JERUSALEM: A senior Israeli official says the government is working with allies in a renewed push to win the freedom of an Israeli-Russian researcher who is believed to have been kidnapped in Iraq nearly two years ago.
The official said Thursday that the matter was raised in a meeting of special envoys for hostage affairs in Jerusalem this week.
He said the envoys met the family of Elizabeth Tsurkov and that Israel asked the representatives – from the US, UK, Germany, Austria and Canada – to have their embassies in Baghdad lobby the Iraqi government and search for a way to start negotiations. Israel and Iraq do not have diplomatic relations. He said he hopes other countries will help.
“We are counting on our allies,” the official said, speaking on condition of anonymity because he was discussing closed-door discussions. “And I hope that other nations will suggest assistance in helping us release Elizabeth. Many nations have embassies and contacts with the Iraqi government.”
Tsurkov, a 38-year-old student at Princeton University, disappeared in Baghdad in March 2023 while doing research for her doctorate. She had entered the country on her Russian passport. The only sign she was alive has been a video broadcast in November 2023 on an Iraqi television station and circulated on pro-Iranian social media purporting to show her.

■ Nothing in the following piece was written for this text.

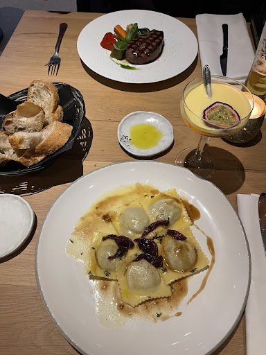 Read moreVery nice, kind of sophisticated place. As I've looked around during the dinner time this is a restaurant mostly for the middle-aged and elder generation. The quality of food, the prices, the elegant atmosphere tends to suggest this too. However I felt welcomed here aswell. Staff was super friendly, helpful and professional. The food was beautifully presented from start to finish. We got home made bread with olive oil as appetizer. Then I had the daily soup: potato-leek soup with shrimps, which was pretty tasty. After that I've chosen the lamb chops for the main course. It was the first time I tried this, and I am really satisfied with it, the tenderness of the meat is just perfect. For dessert we had the panna cotta with mango jelly on top (don't know the proper name of the sauce). The light and sweet dessert was a great choice to finish this great dinner. Thank you...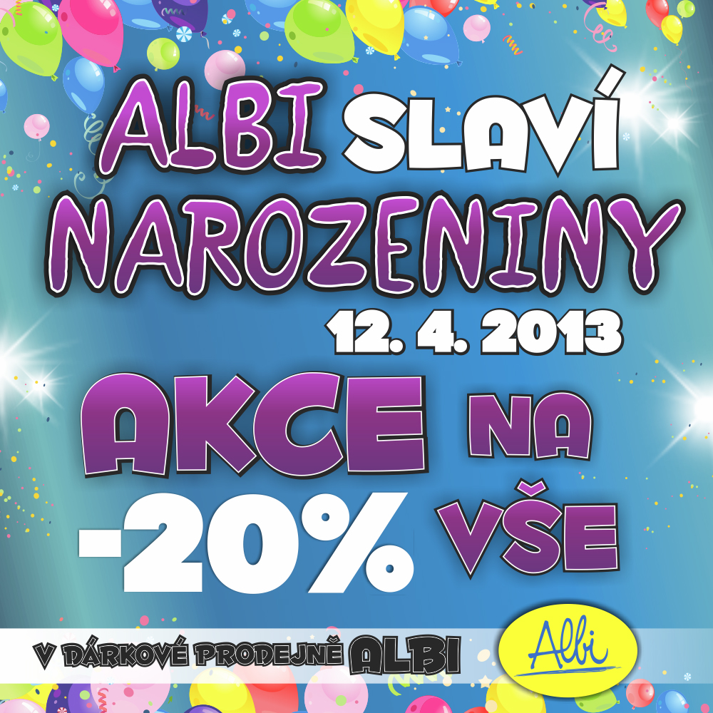 Prodejna Albi v obchodním centru Galerie Fénix slaví páté narozeniny a proto jsme pro vás k této příležitosti připravili velkou akci. V pátek 12. dubna nakoupíte v Albi prodejně vše se slevou 20%.

No group has claimed responsibility for the kidnapping. But Israel believes she is being held by Kataib Hezbollah, an Iranian-backed Iraqi militia that it says also has ties to the Iraqi government.
The Israeli official said that after months of covert efforts, Israel believes the “changes in the region” have created an opportunity to work publicly for her release.
During 15 months of war, Israel has struck Iran and its allies, and Iran’s regional influence has diminished. Iraq also appears to have pressured militia groups into halting their aerial attacks against Israel.